Collected data section start
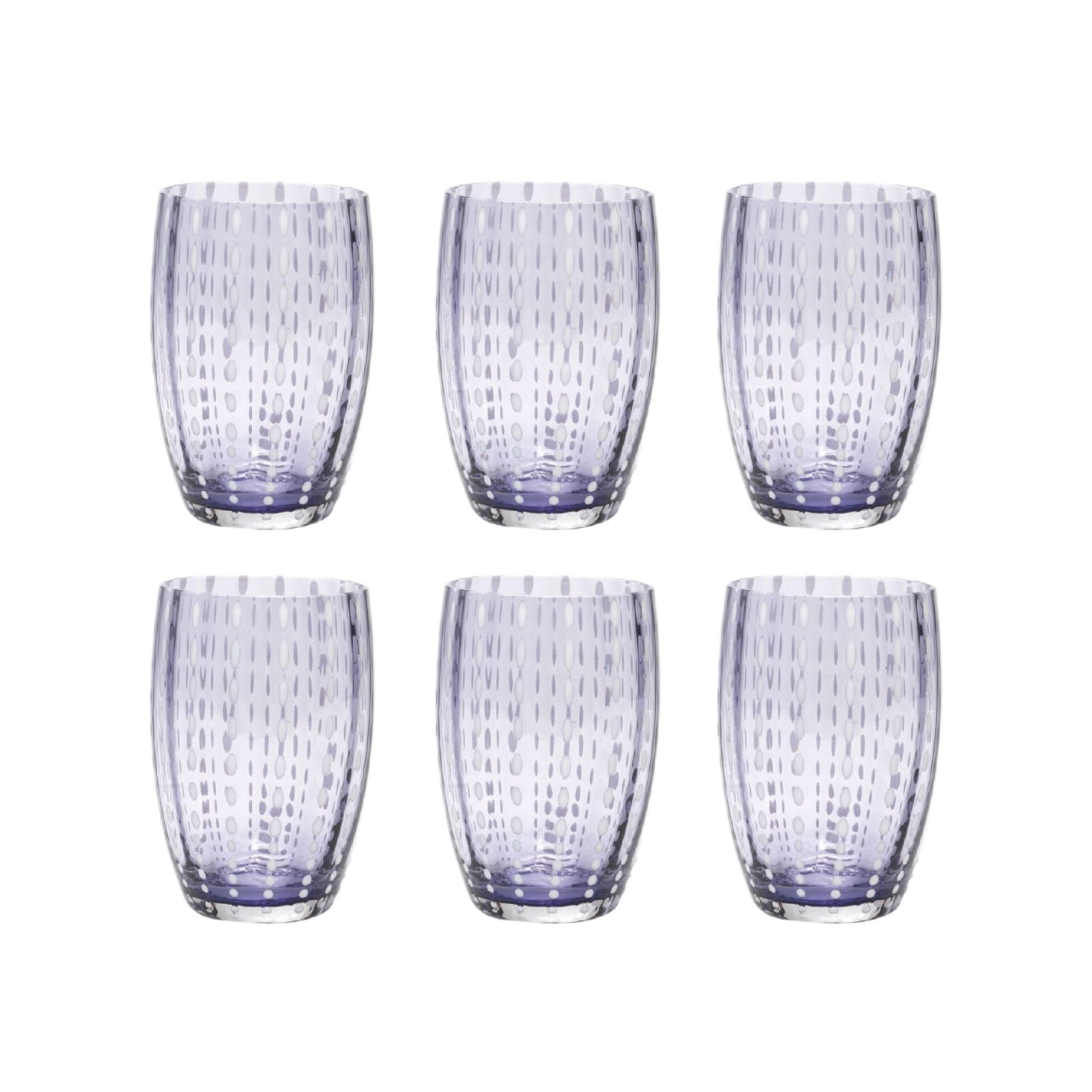 6 glasses with 32 cl capacity, belonging to Perle collection, made of handmade borosilicate glass. Available in 14 different colors, Perle glasses stand out for their exclusive design and high quality materials. Pearls are present on the entire surface of the glass, giving additional elegance and sophistication. The perfect glasses to add a touch of liveliness to the table! Designed by Federico De Majo for Zafferano.
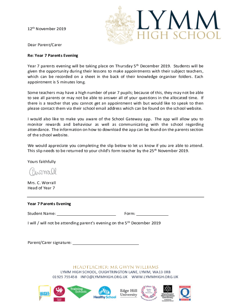 12th November 2019Dear Parent/Carer Re: Year 7 Parents Evening Year 7 parents evening will be taking place on Thursday 5th December 2019. Students will be given the opportunity during their lessons
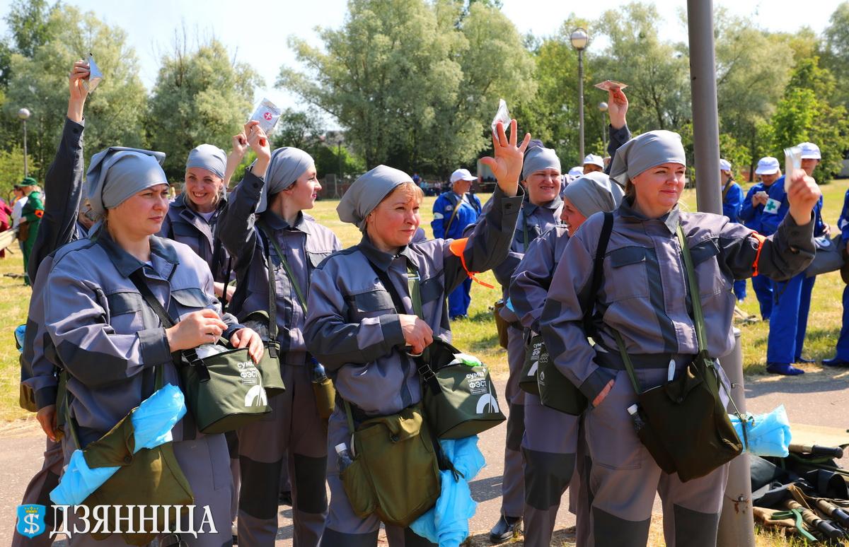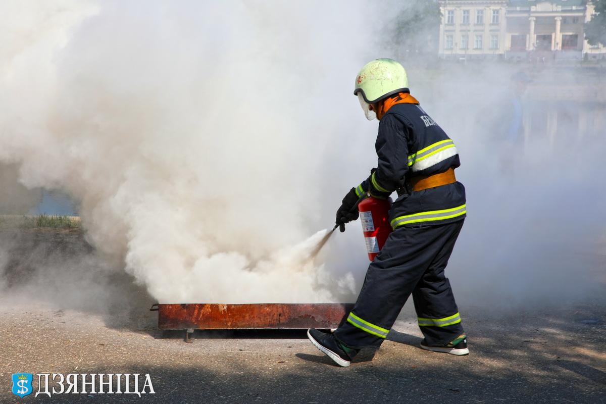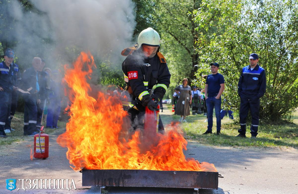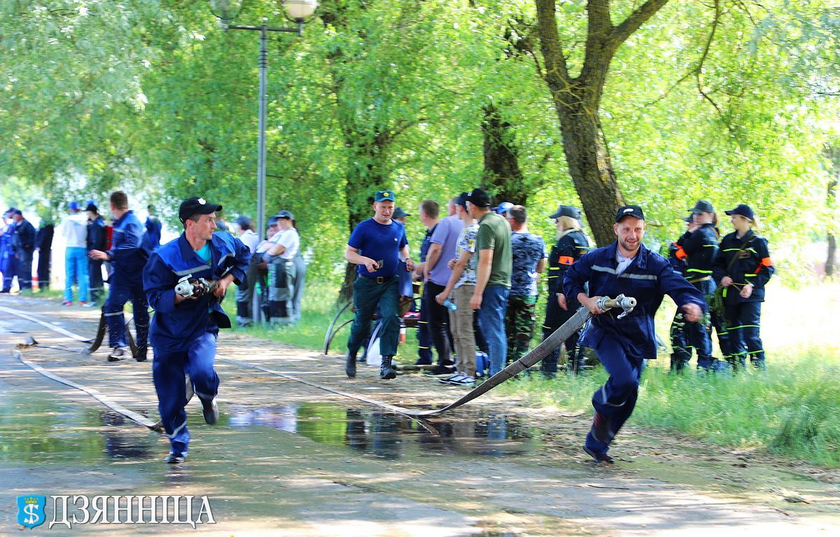 Спасатели преодолевали пожарную эстафету, включающую преодоление препятствий, тушение очага возгорания и боевое развертывание от пожарных мотопомп. Лучше всех с этим справилась добровольная пожарная команда РУП ЖКХ.
Collected data section end
■ **What the task requires**: Except for the pictures, print the data above exactly.

■ **Result for this task**:
 6 glasses with 32 cl capacity, belonging to Perle collection, made of handmade borosilicate glass. Available in 14 different colors, Perle glasses stand out for their exclusive design and high quality materials. Pearls are present on the entire surface of the glass, giving additional elegance and sophistication. The perfect glasses to add a touch of liveliness to the table! Designed by Federico De Majo for Zafferano.
 12th November 2019Dear Parent/Carer Re: Year 7 Parents Evening Year 7 parents evening will be taking place on Thursday 5th December 2019. Students will be given the opportunity during their lessons
 Спасатели преодолевали пожарную эстафету, включающую преодоление препятствий, тушение очага возгорания и боевое развертывание от пожарных мотопомп. Лучше всех с этим справилась добровольная пожарная команда РУП ЖКХ.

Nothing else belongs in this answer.